“We’re trying to be more transparent with talent, with the market,” Ted Sarandos said Monday, making no bones that the streamer’s info is still is “a big black box, mostly.”
Speaking today at the Code Conference at the Beverly Hilton, the streamer’s co-CEO did drop some slides full of metrics that showed Season 1 of Rhimes’ period drama is the most initially watched and most engaged with series on the service.
Additionally, this self-described attempt to be “more transparent” revealed that Extraction, executive produced by the Russo Brothers, was the most watched film on Netflix, and 2018’s Sandra Bullock starrer Bird Box was the most engaged with feature – as you can see in the charts below looking at the first 28 days after release:
“For a subscription business, engagement really matters,” Sarandos said in unveiling the metrics, which included not a single licensed series or film. “This is a real indicator of value,” he added with no small amount of glee.
In that vein, the Netflix co-chief parried probes into the multimillion-dollar overall deals the streamer has inked with the likes of Rhimes, Ryan Murphy, Courtney Kemp, the Obamas, Kevin Hart and Greg Berlanti & Sarah Schechter among others. “It’s way too early to tell — you have to look back on this things over many years,” he said of the pricey agreement, before he let the true takeaway out: Shonda’s deal will be successful just on Bridgerton.
Looking at the strong performance of Season 3 of Stranger Things in both the chart categories revealed today, Sarandos was straightforward and coy almost simultaneously. “Franchises are good, but what you want are hits,” he told the Beverly Hills audience regarding the 1980s-set Duffer Bros show. Stranger Things is “a franchise being born,” Sarandos said, and hinted at “spinoffs.” There has been talk that star Millie Bobby Brown could be taking lead in an extension of the Duffer Bros universe under the terms of her own big Netflix deal.

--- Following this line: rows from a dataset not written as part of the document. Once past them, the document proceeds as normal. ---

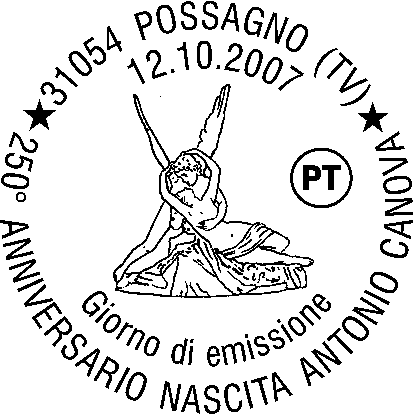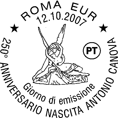 raffigura l'opera scultorea denominata "Amore e Psiche che si abbracciano"; realizzata da Antonio Canova e conservata nel Museo Louvre a Parigi. Completano il francobollo la leggenda "ANTONIO CANOVA", le date "1757-1822", la scritta "ITALIA" ed il valore "€ 1,50.".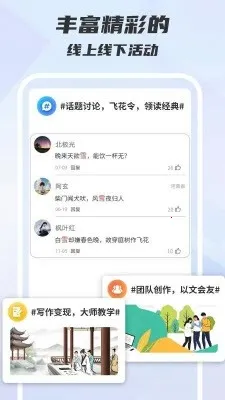 1. 活动丰富多样,覆盖作家课堂、好书共读、写文签约、趣味比拼等,用户可自由参与,感受不同创作乐趣。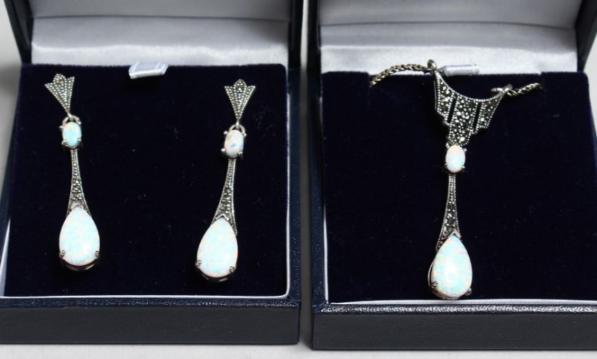 A SILVER ART DECO DESIGN OPAL AND MARCASITE PENDANT, CHAIN AND EARRINGS.
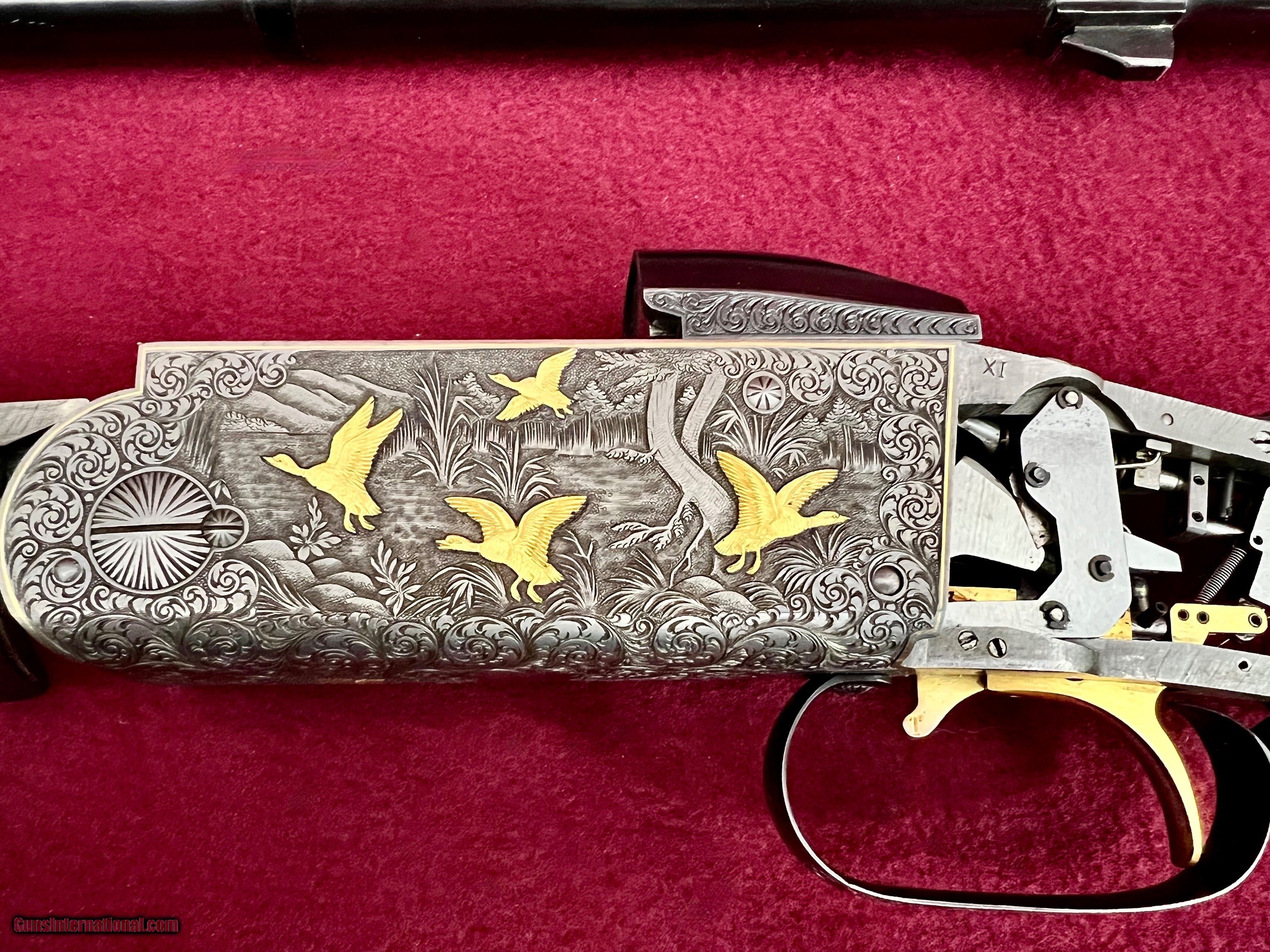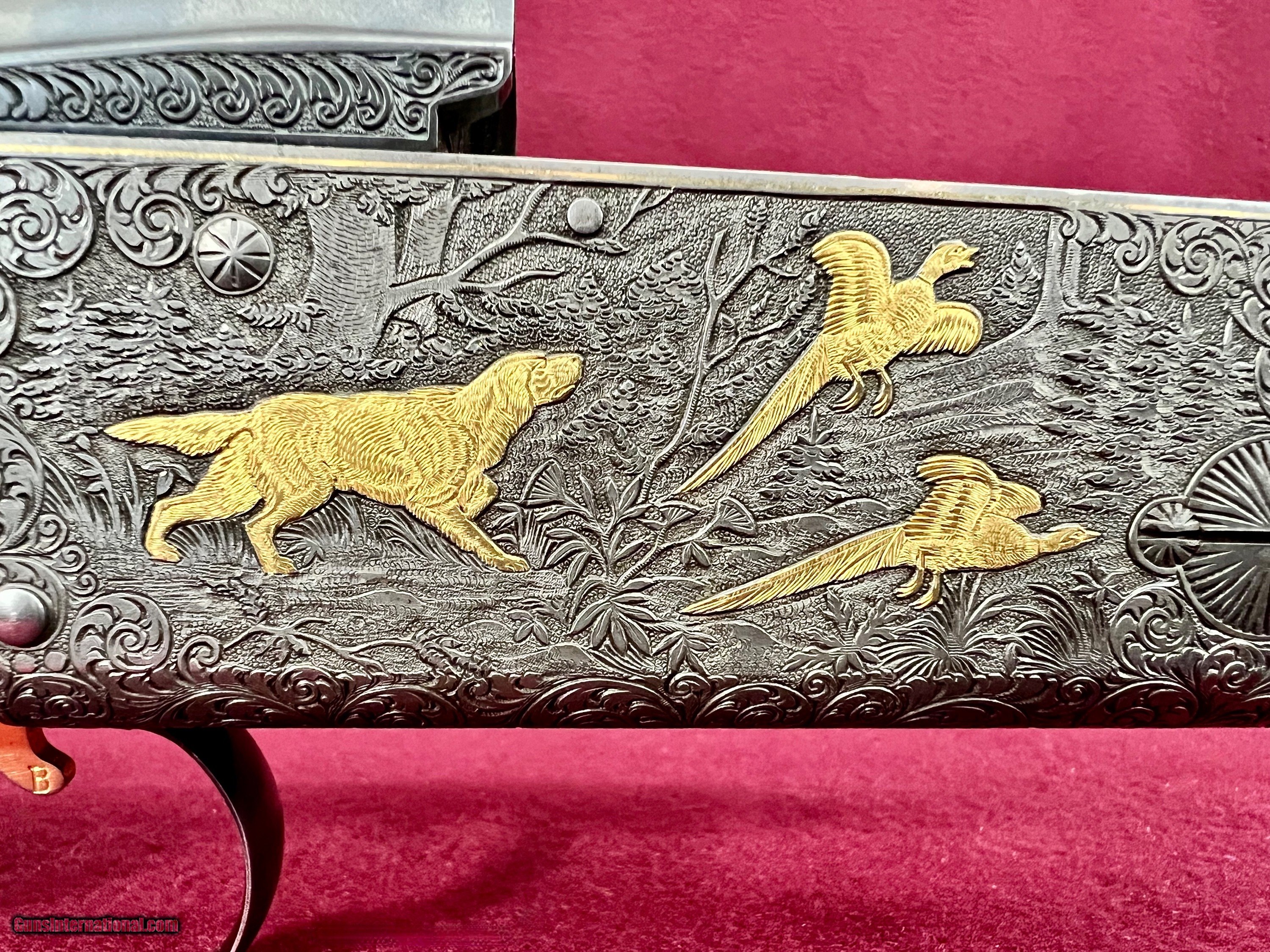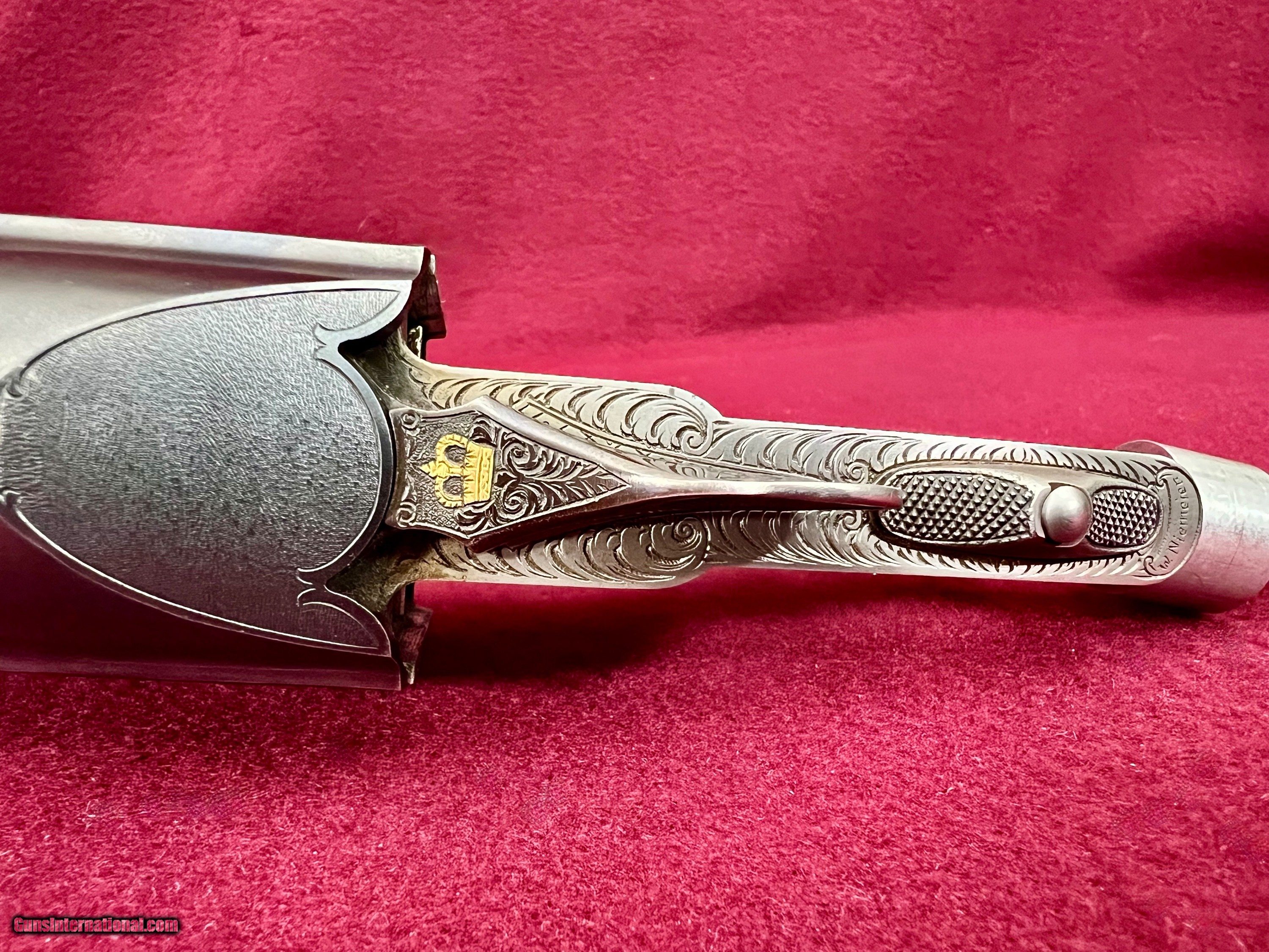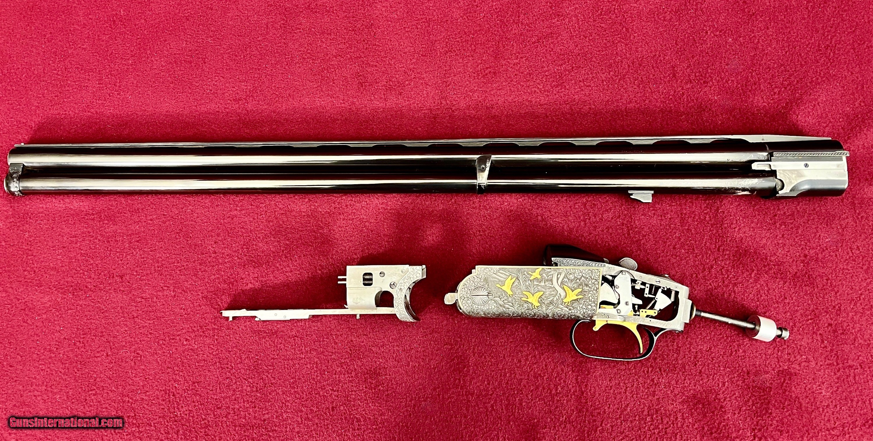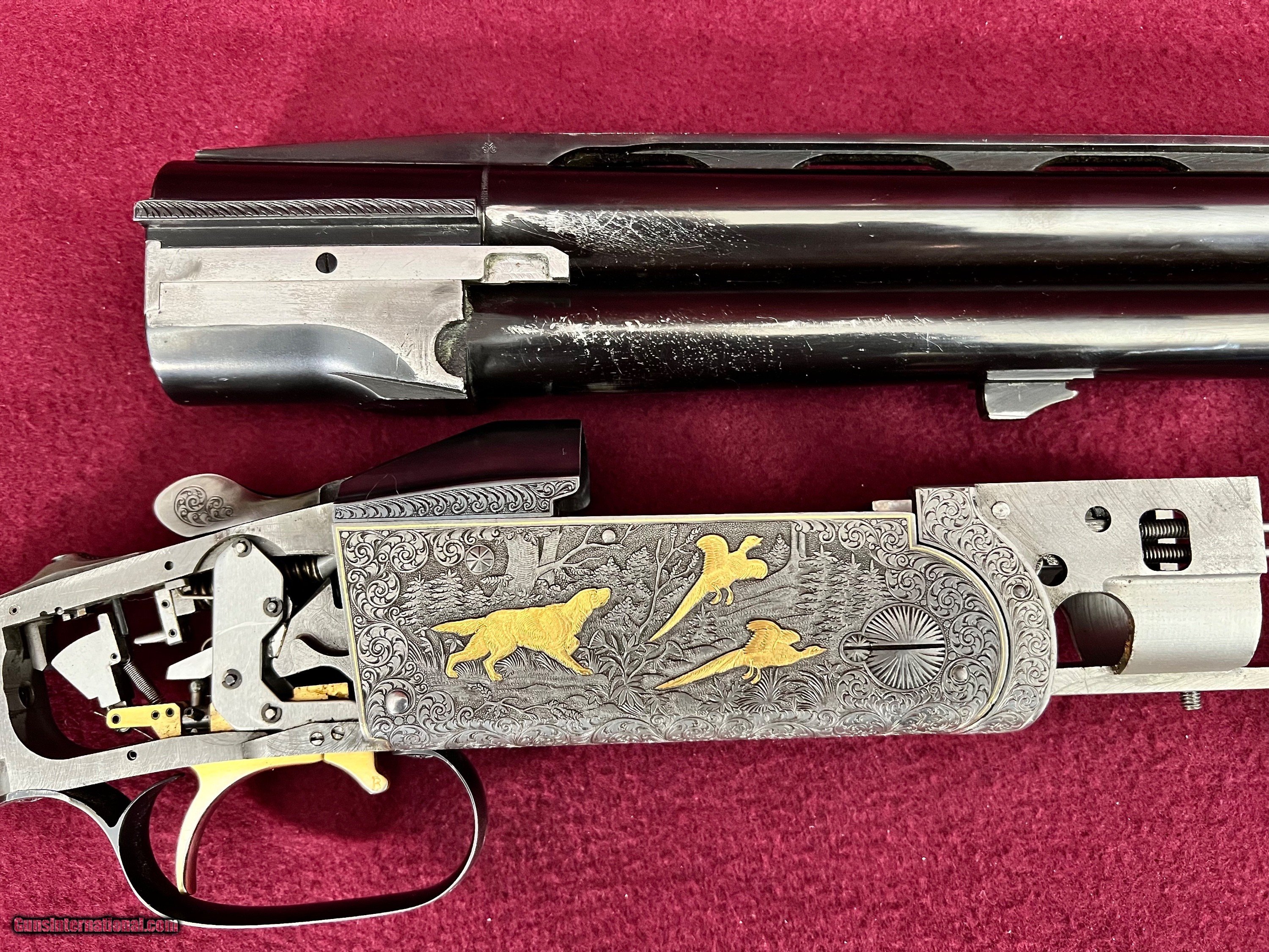Description: I have for sale a beautiful Krieghoff K32 Crown Grade set serial number 10900. The set includes the receiver with gold ducks on the left side, an English Setter and Pheasants in gold on the right, and the gold crown on the bottom of the receiver. The set also includes the forend Iron and 30 inch barrels all with matching numbers and all with matching engraving. On the 30 inch barrels the bottom barrel has had Briley thin wall chokes installed, and comes with one flush tube with .015 constriction. The top barrel is fixed choke at .034 constriction. The vent rib is straight 10mm. All you need to do is add your K32 wood and you are ready for a day on the trap field or for sporting clays. Price of this beautiful set up is $14,000 plus $75 shipping to your FFL. Take a look at the attached photos and I think you will agree this is a very special set. Shotgun Gauge: 12 Gauge Manufacturer: Krieghoff Model: K32 Crown Grade Serial Number: 10900 Barrel Length: 30 Inches Chambers: 2 3/4 inches Ejectors: Selective Well Timed Stock: None Chokes: IC Briley and Full Fixed Engraving: Crown Grade Price: $14,000.00 Contact Seller |

In the wide-ranging and sometimes blatantly evasive sit-down with New York Times columnist Kara Swisher, the always self-pitching Sarandos again promised Netflix really wasn’t interested in live sports, news or buying a theater chain. He did disclose that the company was moving ahead with its foray into gaming (“Focusing on mobile …stay tuned”) and his relationship with fellow CEO Reed Hastings (“He’s made me a better tech exec, I’ve made him a better content exec”).
Sarandos also estimated that the recently released South Korean death match drama Squid Game could be Netflix’s biggest show ever if the early viewership results hold — numbers that the exec in a display of a lack of transparency did not reveal Monday.
At one point, pressed by Swisher, Sarandos ventured a glimpse of his take on the big-bucks legal battle between Disney and Black Widow’s Scarlett Johansson over hybrid release windows and profit participation. “I watch these things as a spectator — I would have said this or said that,” he admitted. “I’m fortunate that we have not been in those shoes.”
Throwing out another bit of red meat for the business and tech crowd in the ballroom and watching online, Sarandos added: “Talent has to be respected and compensated.”
However, Sarandos was more loquacious on the muddle a number of Netflix’s competitors finds themselves getting features to market during the pandemic and the shifting to streaming of big-name and big-budget pics. “I do think that movies premiering on television at home on that comfortable couch is pretty sweet,” he said. “But if you want to go out, I can’t compete with that,” he told Swisher.
On the subject of filmmakers and other creatives taking a swipe at big media companies opting for streaming or hybrid releases, Sarandos was frank. “If they are talking for themselves that is a pretty short debate,” he said. “If they are talking for the consumers, that will play out in attendance.”
Even with subscriber growth stalled, the past few weeks have seen a strong show of Netflix’s pervasive power in Hollywood with a The Crown-fueled record 44 wins at the Emmys earlier this month. Then, on September 24, Sarandos basked in the official opening of the much-delayed Academy Museum of Motion Pictures in his board chair capacity. The next day saw the streamer launch its massive virtual fan event Tudum (named after the sound when a show starts on the system) with a sneak peek at Season 2 of Bridgerton and much more.
In the all-telling stock market, Netflix has had an even better public showing of late. With a current a market valuation of $252 billion, Netflix shares have been in record territory, establishing an all-time high of $615.60 earlier this month. They rose a fraction today, closing the trading day at $592.64, and have gained 14% in 2021 to date. In that vein, investors are eagerly awaiting the streaming giant’s third-quarter financial report, which is scheduled for October 19.
After a heartfelt introduction looking over the pandemic by Swisher, the three-day conference at the Beverly Hilton kicked off today with an agenda that not only includes the Netflix exec but also the likes of WarnerMedia boss (for now) Jason Kilar, Endeavor’s Ari Emanuel, Elon Musk and more coming up
The Code Conference continues until Wednesday.